Искатель, 2002 №5 - Станислав Васильевич Родионов
— Ангелина, ваши планы на вечер?
— Не знаю… Планы… Какие планы?
Он хотел разглядеть цвет ее глаз, но их затянула поволока. Девушке стало трудно дышать. Грудь поднималась и опадала с такой силой, что, казалось, нежные полушарии от этой энергии затвердеют и скатятся под ноги.
— Ангелина, я спросил про планы сексуальные.
— Ох… Со мной что-то происходит. — Она обессиленно положила голову ему на плечо.
— Сейчас выясним, что происходит, — заверил художник.
Он крутанул руль и загнал машину в кустарник за гаражи. В темь листвы и в глушь тишины. Задернув шторку, он опустил сиденье пассажирки и закатал ее майку до самой шеи: груди оказались незагорелыми, молочно-белыми, как жемчуга в ушах. Он хотел снять и юбку, но она была так коротка, что процессу любви не помешала…

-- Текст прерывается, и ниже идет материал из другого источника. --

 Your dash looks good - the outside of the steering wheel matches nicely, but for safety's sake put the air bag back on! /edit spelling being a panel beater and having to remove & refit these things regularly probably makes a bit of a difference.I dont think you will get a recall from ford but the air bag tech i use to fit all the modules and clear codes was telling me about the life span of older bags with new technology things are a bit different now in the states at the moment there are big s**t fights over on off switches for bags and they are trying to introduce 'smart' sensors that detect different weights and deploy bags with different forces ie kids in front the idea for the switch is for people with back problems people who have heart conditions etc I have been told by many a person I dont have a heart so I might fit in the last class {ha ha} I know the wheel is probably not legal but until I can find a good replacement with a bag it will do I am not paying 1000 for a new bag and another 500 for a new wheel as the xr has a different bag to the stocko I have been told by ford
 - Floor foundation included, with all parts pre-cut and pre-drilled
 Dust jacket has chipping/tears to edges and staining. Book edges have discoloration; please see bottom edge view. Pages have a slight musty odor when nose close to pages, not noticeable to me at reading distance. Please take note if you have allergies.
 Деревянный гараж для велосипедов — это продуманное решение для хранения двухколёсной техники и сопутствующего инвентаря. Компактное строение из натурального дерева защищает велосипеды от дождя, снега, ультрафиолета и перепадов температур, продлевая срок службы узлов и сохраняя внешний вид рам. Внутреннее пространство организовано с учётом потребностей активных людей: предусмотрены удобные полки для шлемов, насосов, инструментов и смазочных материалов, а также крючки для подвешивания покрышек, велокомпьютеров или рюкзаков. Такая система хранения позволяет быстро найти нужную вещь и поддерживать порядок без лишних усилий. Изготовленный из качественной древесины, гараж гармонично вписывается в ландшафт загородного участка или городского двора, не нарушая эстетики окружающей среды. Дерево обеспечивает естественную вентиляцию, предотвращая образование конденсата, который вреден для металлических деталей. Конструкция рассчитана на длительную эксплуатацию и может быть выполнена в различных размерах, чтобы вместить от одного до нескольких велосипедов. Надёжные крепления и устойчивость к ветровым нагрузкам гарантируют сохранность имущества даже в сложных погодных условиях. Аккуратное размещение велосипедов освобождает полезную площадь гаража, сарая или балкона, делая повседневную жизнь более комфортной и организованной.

Чем дольше живешь, тем больше находишь в жизни парадоксов. Все свои сознательные годы Рябинин стремился профессионально и морально совершенствоваться: следил за политикой и наукой, читал книги и ходил в музеи. Интеллекта, так сказать, прибывало. И ему казалось, что вослед за интеллектом обязано прибывать и здоровье. Но, похоже, эта формула не срабатывала. Интеллекта прибывало, а в груди стало ныть; точнее, появилась загрудинная боль, ёкающая, как тайный нарыв. Разум и здоровье шли разными путями.
В загрудье ёкнуло от удара в дверь с той стороны. Ногой. Это мог сделать либо бандит, либо милиционер. Сделал милиционер, капитан Оладько, ведший за руку девицу, словно ребенка в детский сад.

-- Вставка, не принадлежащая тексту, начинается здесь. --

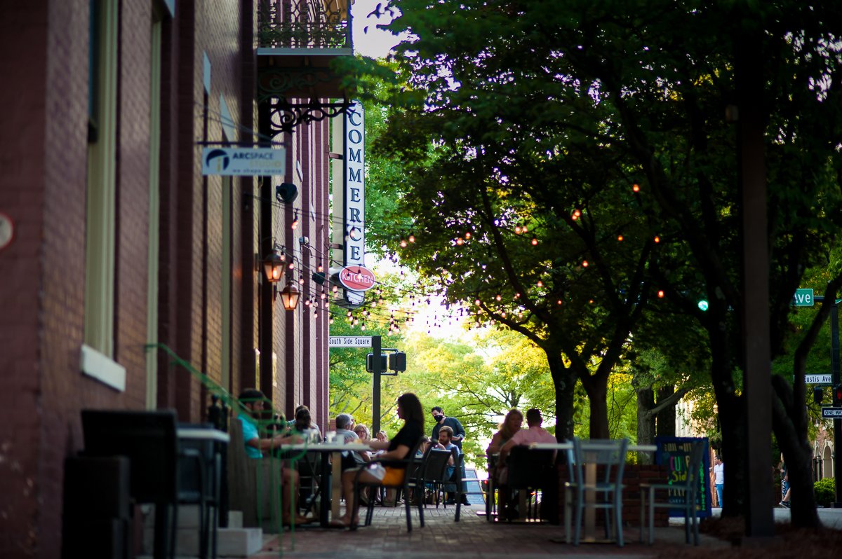 Situated downtown, Commerce Kitchen offers seasonal New American cuisine in a gorgeous old brick and beam building that was once a mercantile shop. The exposed ductwork and Edison bulbs create a hip, laid-back vibe for creative takes on classic comfort food. Chef James Boyce draws inspiration from across the South, resulting in dishes like the award-winning buttermilk fried chicken served with honey hot sauce and blue cheese.
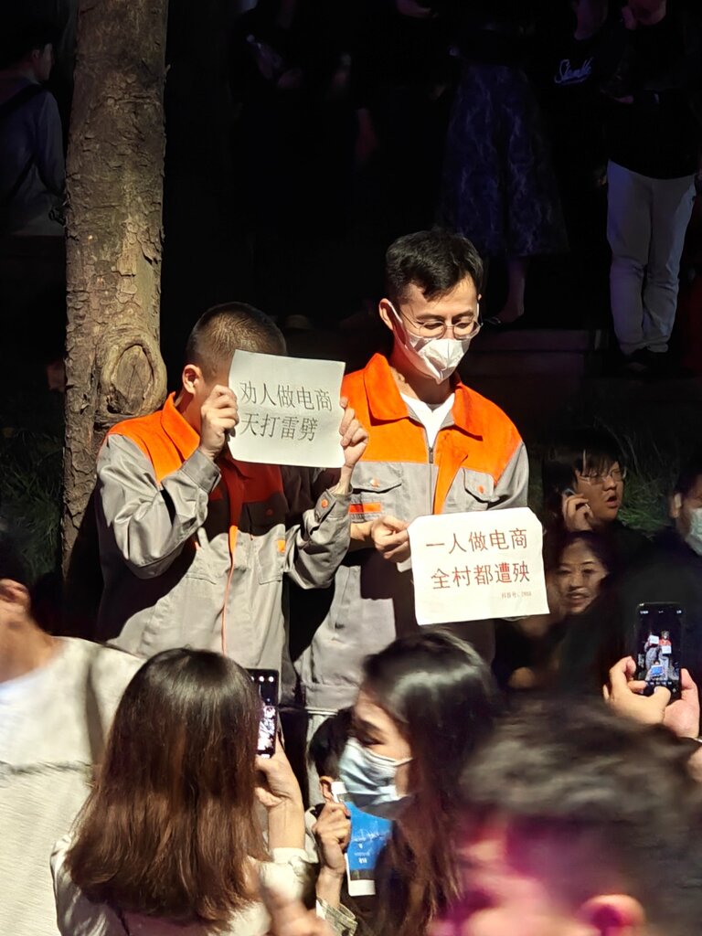 两名身穿电商从业者制服的男子举着标语,建议其他人不要进入该行业。它曾是中国增长最快的行业之一,但近几个月来经历了销售额暴跌和许多企业倒闭。
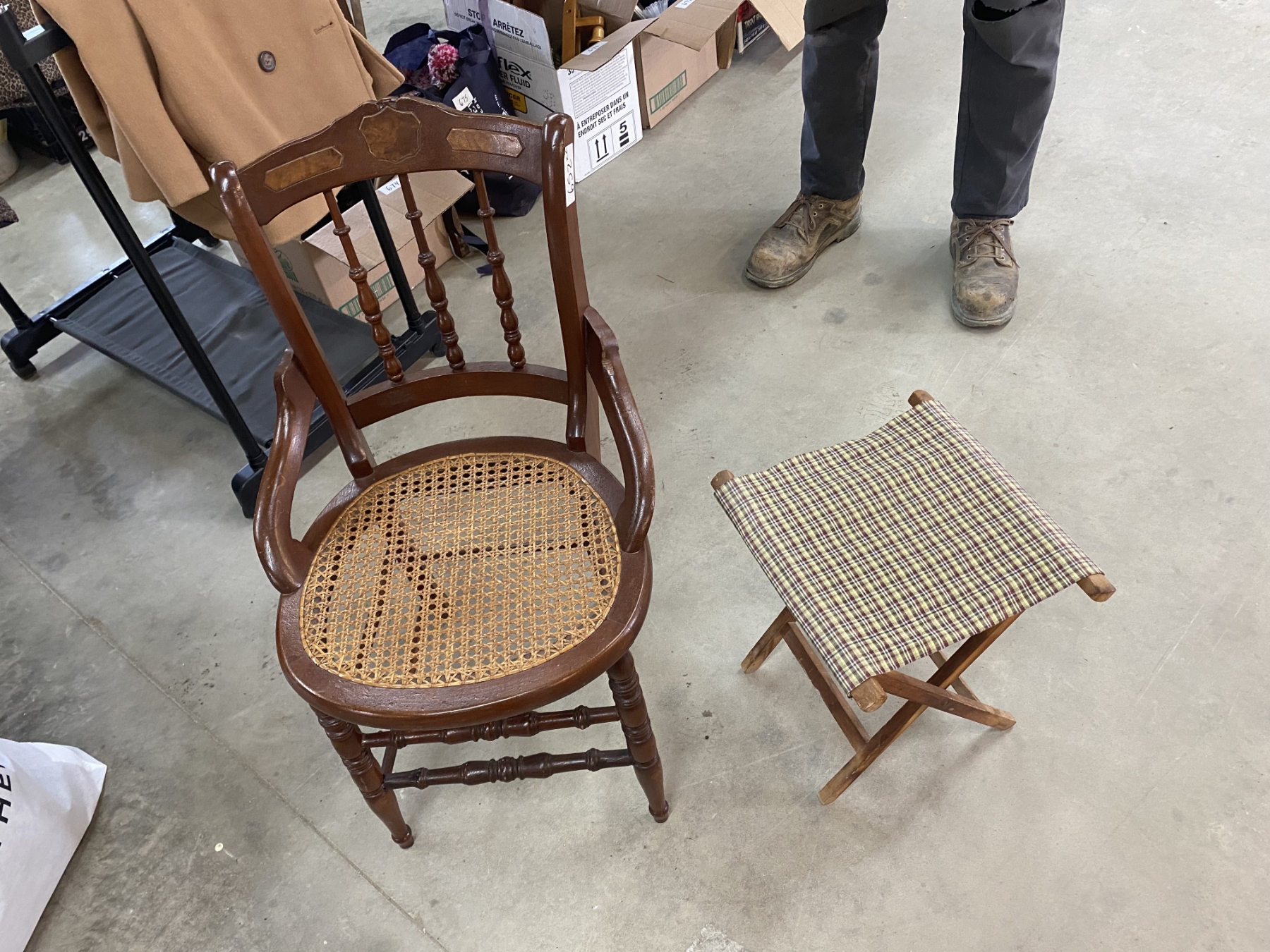 Lot 652 ANTIQUE CHAIR AND STOOL

— Сергей Георгиевич, дежурный к вам направил.
— Почему ко мне?
— Без бюрократии, ваша подследственность…
— Откуда девушка?
— Сидела в кустах за гаражами.
— На чем сидела?
— На почве.
В такой короткой юбочке? С такими испуганными глазами? С такими мокрыми щеками? Если бы ограбили, то ею занялась бы милиция. Значит… Капитан опередил:
— Есть подозрения, что ее изнасиловали и выбросили из машины.
— Надо сперва к врачу.
— В травмпункте были, повреждений нет.
И Оладько двинулся к двери. Рябинин удивился:
— А к гинекологу? А искать машину?
— Сергей Георгиевич, пока вы с ней разбираетесь, я в пару мест заскочу…
Он ушел: длинный, худой, выгоревший, напоминавший ископаемую кость допотопного животного. В кабинете осталась ненарушаемая тишина. За многолетие следственной работы Рябинин научился по внешнему виду потерпевшего определять, от какого преступления тот пострадал. Обворованный зол, смотрит агрессивно, ругает милицию, требует… Изнасилованные тихи, подавлены, в одежде непременный беспорядок…
— Ваше имя? — спросил Рябинин.
— Зачем?
— Здесь прокуратура, — напомнил он.
— А вы имеете право ни с того, ни с сего взять человека с улицы и допросить?
— Не имею, — согласился следователь.
— Почему же меня забрали?
— Вы сидели за гаражами на почве… на голой.
— Какой закон это запрещает?
Рябинин усмехнулся. Он знал силу своей усмешки. Не мистическая, не угрожающая и не презрительная. Усмешка насмешливая. Тогда его губы, щеки, взгляд и даже очки задевали человека какой-то сокровенной правдой. И человек…
Девушка раскрыла сумочку и достала платок вроде бы без определенной цели. Но цель туг же появилась — она заплакала тихо, без всхлипов, в платок. Рябинин ждал, давая выход эмоциям. Она всхлипнула:
— Я потеряла шляпку…
— Из-за нее и плачете?
— Он обошелся со мной, как с проституткой!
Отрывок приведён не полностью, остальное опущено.